- Founder: Dr. Guruswamy Siddhan
- Headquarters: 10/2 Nalvar Nagar Kalveerampalayam Bharathiar University (Post), Coimbatore, Tamil Nadu, India 641048

= Anaithinthiya Thamizhaga Munnetra Kazhagam =

Anaithinthiya Thamizhaga Munnetra Kazhagam (All India Federation for the Progress of Tamilians) is a political party in Tamil Nadu, India. It is registered with the Election Commission of India.
Founded by, Dr Guruswami Siddhan, This is a registered political party aiming to unite Mallars and promote political awareness and unity among Devendra Kula Velalars. The party was launched on October 23, 1995, in Madurai, with around 100,000 participants, marking the largest rally in Madurai at that time, supported by a significant police presence.

This party educates Mallars on politics, political theories, and the current caste politics of Tamil Nadu and India. It aims to unite Mallars, Kudumbars, and Devendra Kula Velalars on a political platform, emphasizing that caste unity must be converted into political unity to gain political status and act as a pressure group. The party has contested elections in 1996 and subsequent elections.

==Founder==
Dr. Guruswami Siddhan is a civil engineer and social activist known for his significant contributions to the Devendra Kula Velalar community. Born on 5 May 1941 (official records state 13 August 1942) in Sa. Ganapathi Palayam, Gobichettipalayam Taluk, Erode District, Tamil Nadu.

Grandfather: Periyakarupan Pannadi

Father: Guruswami Pannadi

Mother: Veeramaal Pannadichi

Dr. Siddhan has 5 siblings: Two sisters and Two brothers.
Kunjaaya, Chinnammani, Karupannan, Marriappan.

Dr. Siddhan's youngest brother, Dr. Marriappan or Dr. Marriappa Mallar is also a tamil research scholar, who has authored various books and has played a pivotal part in the community.

Dr. Siddhan holds a B.E. from the Govt. College of Technology, Coimbatore (1964), an M.Sc. (Engg.) from the College of Engineering, Guindy, Chennai (1968), and a Ph.D. from the University of Connecticut, USA (1976). After two decades of teaching at the Tamilnadu Government College of Engineering, he shifted focus to social work in 1984.

Despite his outstanding qualifications and achievements, he faced discrimination when it came to high-level positions, like being denied the Vice-Chancellor role due to his caste background.
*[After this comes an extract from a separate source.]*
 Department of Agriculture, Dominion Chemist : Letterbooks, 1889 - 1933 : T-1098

He established the Devendra Forum (1989), Devendra Kula Velalar Sangam (1993), and the Mallar Malar monthly magazine (1995) before founding the Anaithinthiya Thamizhaga Munnetra Kazhagam political party in October 1995. This party aims to unite and promote political awareness among the Mallar, Kudumbar, and Devendra Kula Velalar communities. Through the Tamil Culture and Social Research Forum, he collaborates with historians and archaeologists to explore the Devendra clan's history, including the Chola and Pandyan Movendras.
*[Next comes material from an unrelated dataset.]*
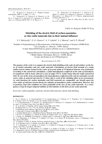 S. V. Bulyarskiy, G. G. Gusarov, A. V. Lakalin, L. I. Matyna, and S. P. Oleynik Shielding of the electric field of carbon nanotubes or zinc oxide nanorods due to their mutual in-fluence 93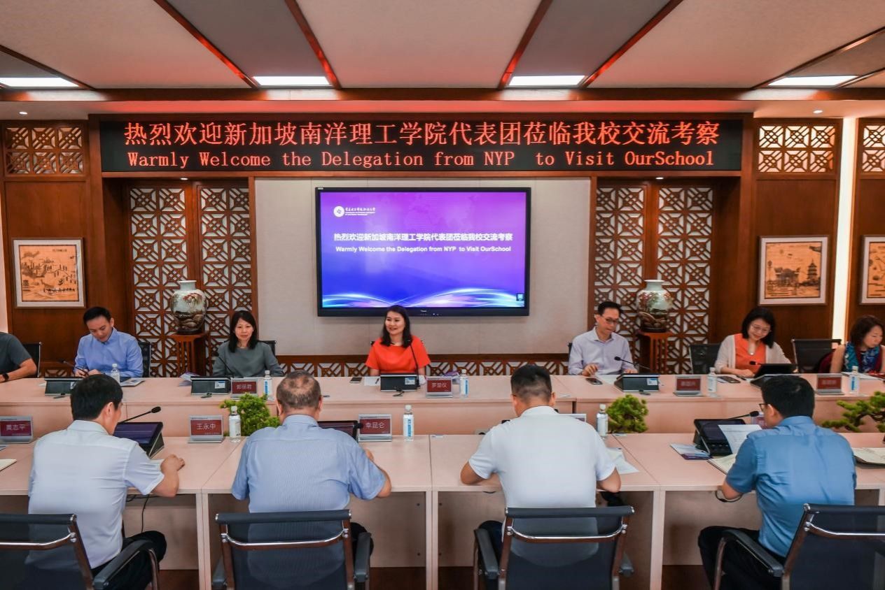 6月21日上午,新加坡南洋理工学院副校长罗楚仪,工商管理学院院长郑丽君,信息技术学院院长陈顺娇,工程学院经理符永维,工商管理学院副经理郭慧萍,学生关怀与辅导中心主任蔡国兴、高级经理蔡锦平一行来访我校并在2307丝路会议室开展交流会。我校副校长幸昆仑、党委学工部部长王永中、国际交流与合作发展处处长刘宏宇、财经管理学院院长黄志平、电子与物联网学院副院长熊德明、人工智能与大数据学院副书记张铁力、国际交流科科长覃乔亦、智能制造与汽车学院专任老师王姗、数字媒体学院辅导员于浩以及参加过新加坡南洋理工学院研修班的4名重电学生共同参加会议交流,会议由刘宏宇处长主持。

Dr. Siddhan's publications include Tamil Ilakkiyathil Pallar (Mallar) Devendra Kula Velalar (1993), Thamizhar Panpaattu Varalaaru (three volumes), and numerous research articles on Devendra culture.

He married Annapoorani Siddhan in 1966, and they have two children: G. S Mallika And G. S Senthilkumar. Dr. Siddhan's political presence deteriorated as he aged. He died in March of 2024, succumbing to age related issues.

==Social Reform works==

Siddhan believed that the real way forward for his community was to break free from these imposed identities and focus on gaining economic and political power. He questioned the continued dependence on government reservations and pushed for self-reliance. Siddhan pointed out that many other groups were benefiting more from the reservation system while his community was still being held back by stigma and discrimination.

==Legacy==
Gurusamy Siddhan’s message was clear: true progress requires breaking free from the labels and limitations placed by society. He encouraged education, self-empowerment, and standing up against systemic injustice. Through his words and actions, Siddhan inspired others to challenge the status quo and work towards a more equal future for all.